Как раз историю он тоже подразумевал. Одно дело такие философы, как Сократ, имевшие дело с универсальным, с точки зрения Пятигорского, мышлением — и рефлексией по поводу собственного мышления. Другое дело — те, кто не только использовали «историю» в качестве строительного материала для своих философских схем, но и сознательно заточали себя в истории, дав ей право ограничивать свое мышление как формально, так и содержательно. Гегель принадлежал ко второй категории; по версии Пятигорского, он поместил себя в ситуацию «конца истории», взял на себя задачу зафиксировать и объяснить смысл этого конца, после чего (опять-таки по терминологии Александра Моисеевича) превратился из «философа» в «знающего». Не больше и не меньше звания философа, просто другое. Александр Кожев, по мысли Пятигорского, сделал то же самое, но уже в ситуации после конца истории, когда катастрофы XX века лишь имитировали главную историческую драму — эпопею Наполеона. Жан-Поль Сартр далек от гегелевских и гегельянствующих претензий, — хотя личной скромностью явно не отличался, но философски он был очень скромен, даже, быть может, чересчур — и с полным пониманием того, что делает, стал рабом своей истории. Хомский же, не осознавая, что является рабом собственной истории, посвятил свою публицистическую деятельность тому, чтобы объяснить истории, что она движется не туда — и во всем этом, конечно же, виноват американский империализм. Тут уже мы видим не просто прискорбную эрозию мощного ума (а он, безусловно, у Хомского мощный — как научный ум, то есть заранее себя ограничивший), тут просто пародия — при чем здесь американский империализм, когда речь идет об истории и — особенно — о сознании и рефлексии? Жаловался ли Сократ на персидский империализм? Или на сиракузскую тиранию Дионисия?

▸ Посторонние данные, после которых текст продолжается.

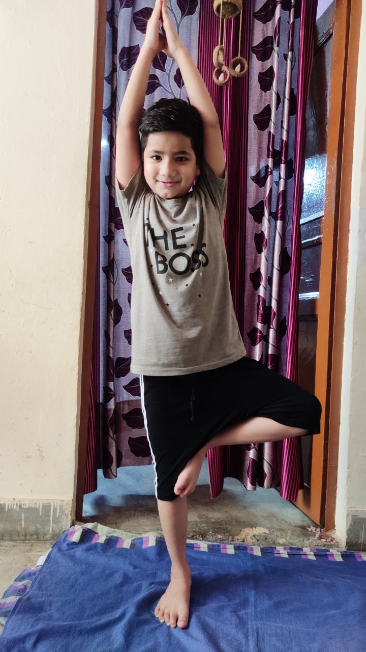 The session began by seeking the blessings of the Almighty by chanting the Gayatri Mantra. Asanas starting with warming up and stretching were followed by a series of Vrikshasana, Tadasana, Padahastasana, ArdhaChakrasana, Trikonasana, Bhujangasana etc. and ending with Shavasana. The benefits of the postures were narrated by the Yoga teacher side by side as children performed with the instructions e.g., the importance of meditation and pranayama, in day-to-day life to keeps one mentally, physically, psychologically healthy was highlighted. The session ended with a Shanti Path for peace and harmony. We all vowed to carry out the Yoga activities at our houses in future. It was a small endeavor to make the students aware to keep their body and mind fit. The session was indeed very refreshing, reviving and relaxing.
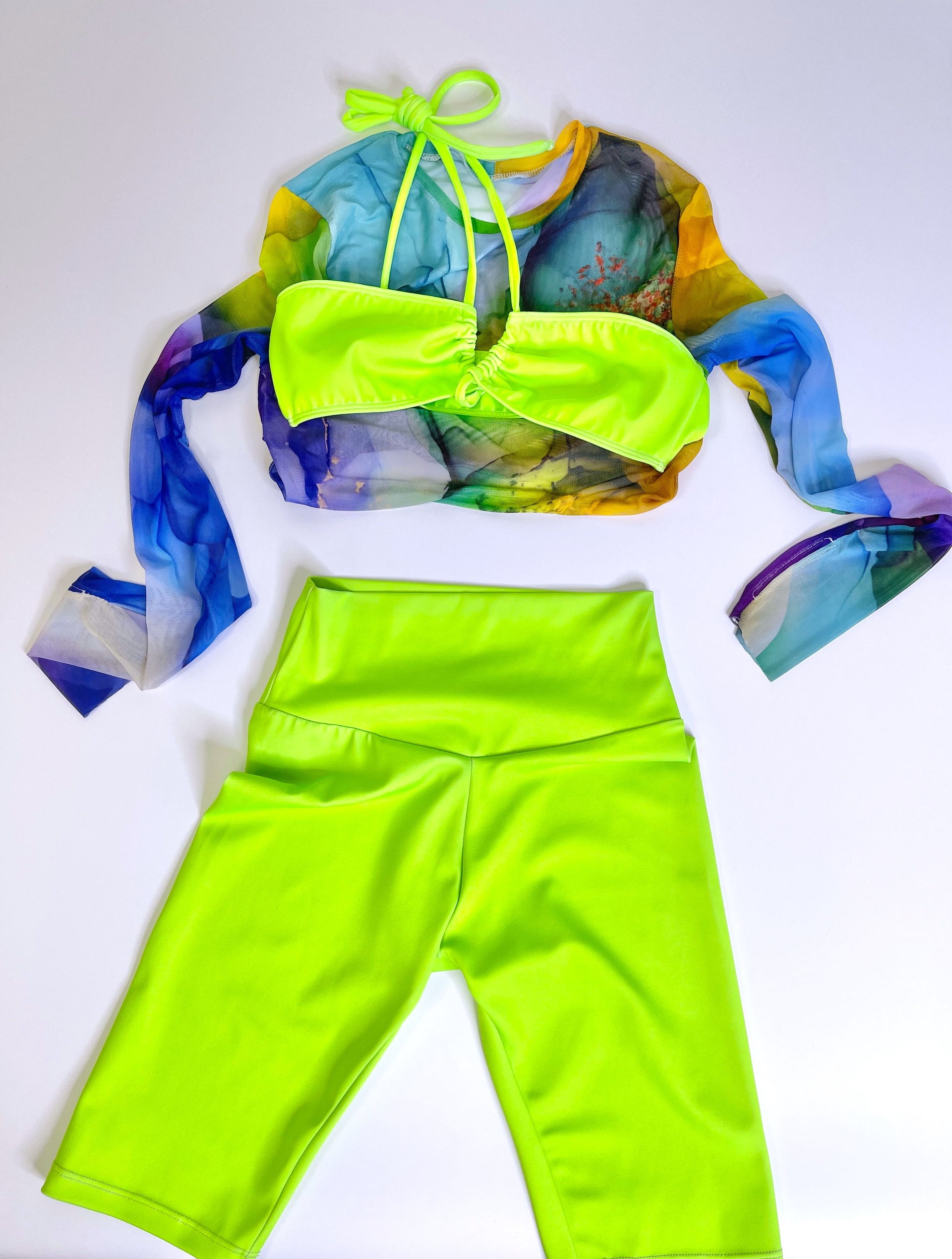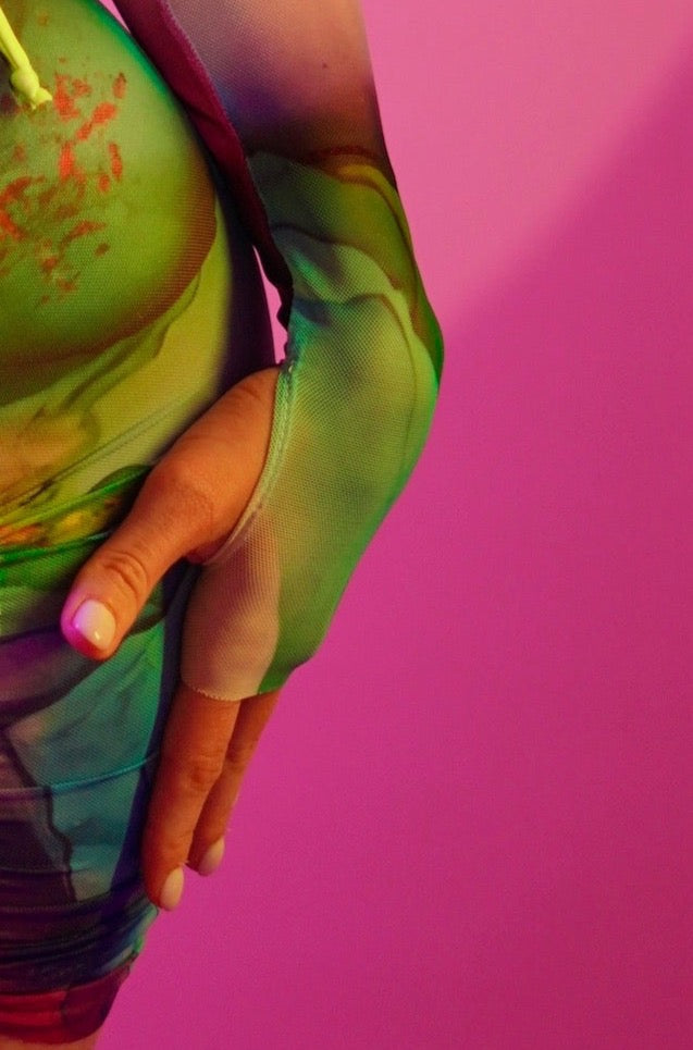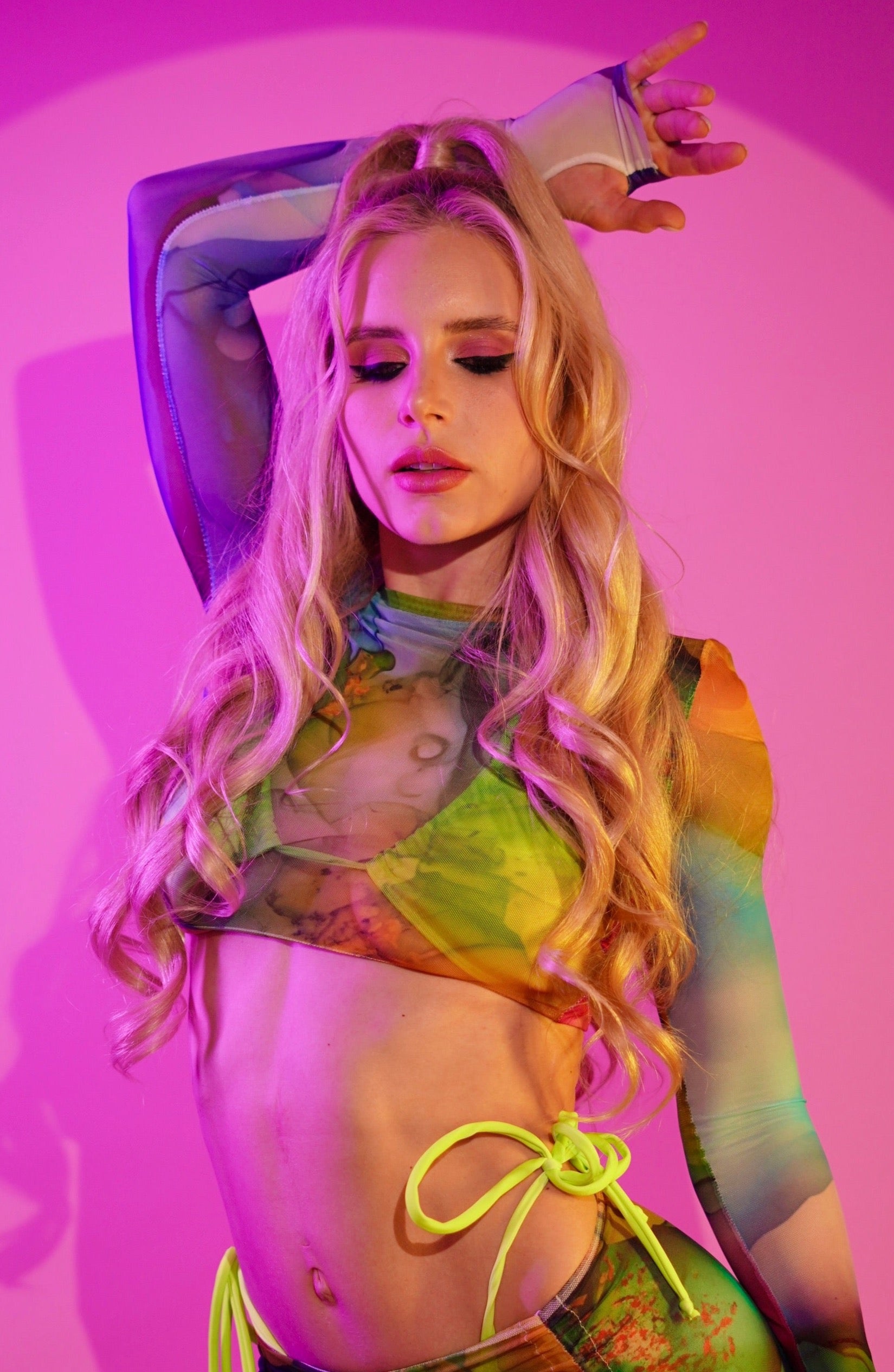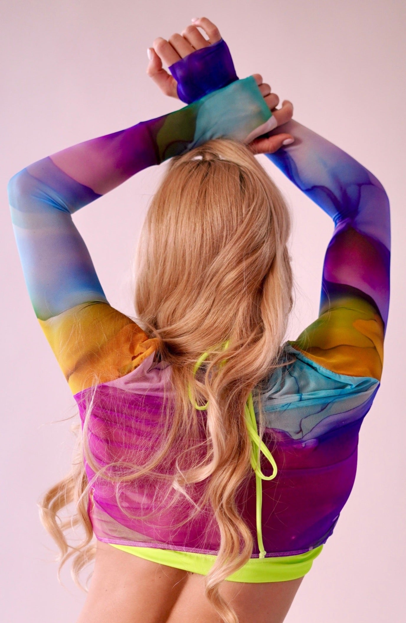Fuchsia Liquid Fantasy - Mesh Long Sleeve Crop Top

Вот здесь мы и подходим к — казалось бы, банальному — вопросу, заданному в названии передачи. Зачем сегодня нужен Сократ? Проще всего ответить так: он нужен уже для того, чтобы не задавать дурацких вопросов с использованием слова «сегодня» в разговоре о философии. Сократ не просто «нужен сегодня» или «не нужен сегодня», он либо есть, либо его нет в нашем мышлении. При этом неважно, в каком именно времени наше мышление сейчас находится. Сократ или присутствует в нем, или не присутствует. Если первое — то, как ни странно, наше мышление получает некоторую географическую (и культурную, а значит, историческую) прописку. Европейское сознание невозможно без Сократа: ибо он совершил первый истинно философский акт, без которого этого сознания просто бы не было. «Сократ первым сформулировал проблематику абстрактного мышления применительно к конкретной жизни абстрактно мыслящего человека».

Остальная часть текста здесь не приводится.